_Task directions_.
The lines below, from the one containing "925 Sterling Silver" through the one containing "在得知方老师去世的消息后,不", should be set down exactly, with no pictures and nothing else.

_Input data_.
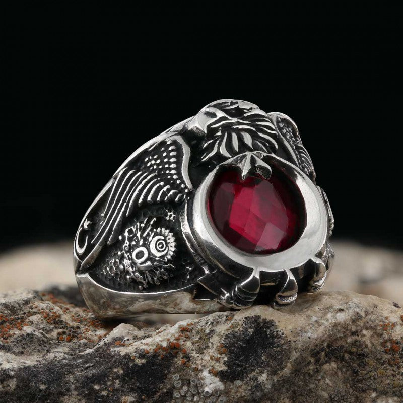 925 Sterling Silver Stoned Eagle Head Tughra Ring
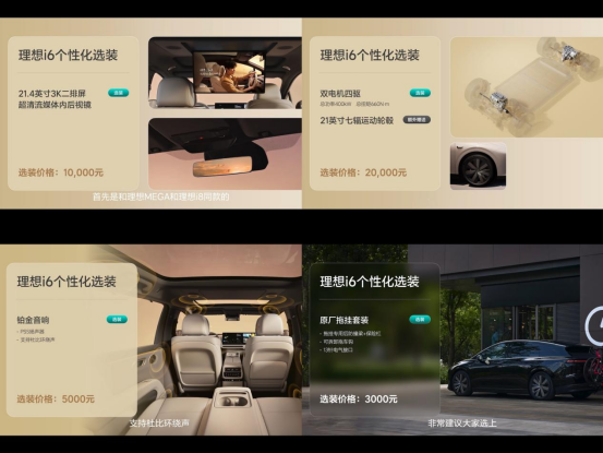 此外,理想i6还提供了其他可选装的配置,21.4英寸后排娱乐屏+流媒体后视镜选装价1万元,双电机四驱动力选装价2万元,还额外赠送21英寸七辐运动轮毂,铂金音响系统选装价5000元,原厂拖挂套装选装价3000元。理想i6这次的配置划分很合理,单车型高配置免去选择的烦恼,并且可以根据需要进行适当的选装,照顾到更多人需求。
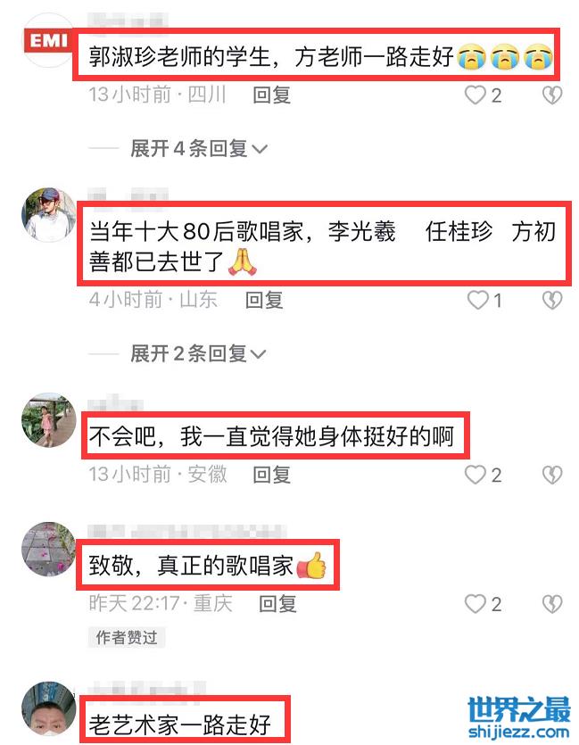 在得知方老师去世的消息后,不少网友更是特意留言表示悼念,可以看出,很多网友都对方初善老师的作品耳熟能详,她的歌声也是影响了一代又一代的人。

==

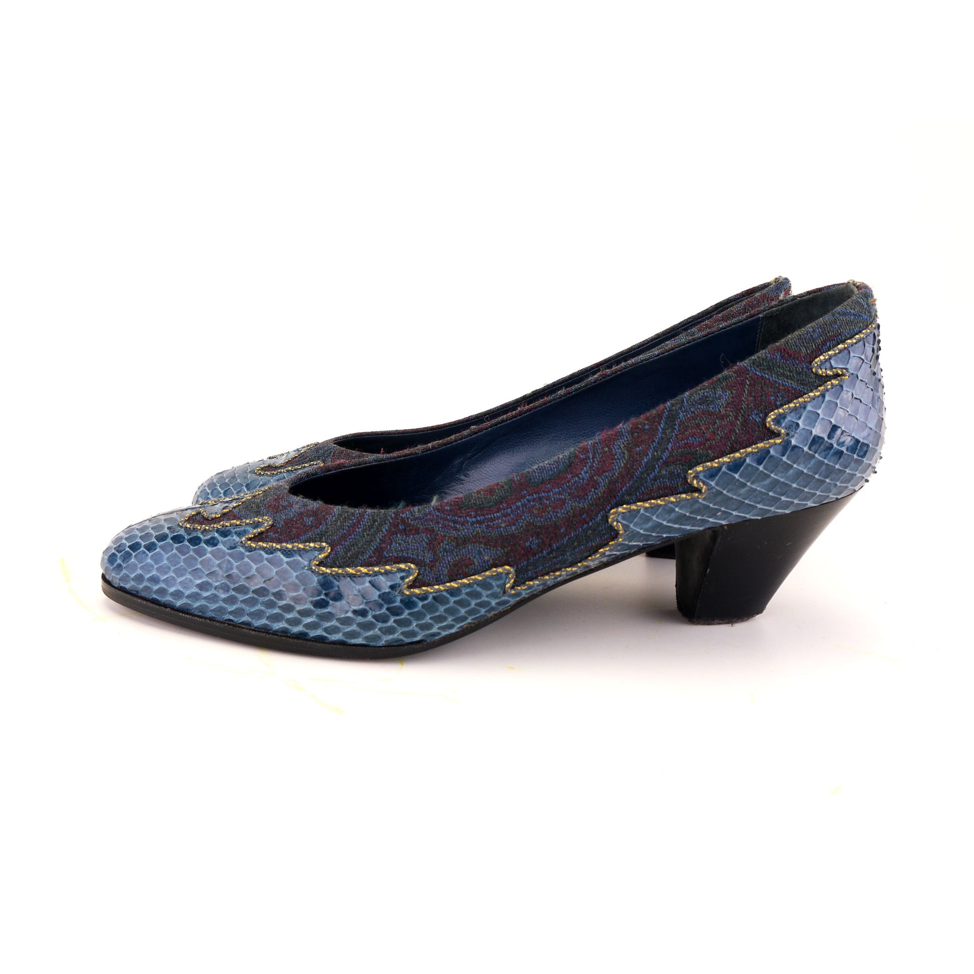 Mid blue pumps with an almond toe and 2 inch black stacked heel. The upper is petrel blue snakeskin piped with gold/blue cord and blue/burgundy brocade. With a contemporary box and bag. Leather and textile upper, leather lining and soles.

_Answer_.
 925 Sterling Silver Stoned Eagle Head Tughra Ring
 此外,理想i6还提供了其他可选装的配置,21.4英寸后排娱乐屏+流媒体后视镜选装价1万元,双电机四驱动力选装价2万元,还额外赠送21英寸七辐运动轮毂,铂金音响系统选装价5000元,原厂拖挂套装选装价3000元。理想i6这次的配置划分很合理,单车型高配置免去选择的烦恼,并且可以根据需要进行适当的选装,照顾到更多人需求。
 在得知方老师去世的消息后,不少网友更是特意留言表示悼念,可以看出,很多网友都对方初善老师的作品耳熟能详,她的歌声也是影响了一代又一代的人。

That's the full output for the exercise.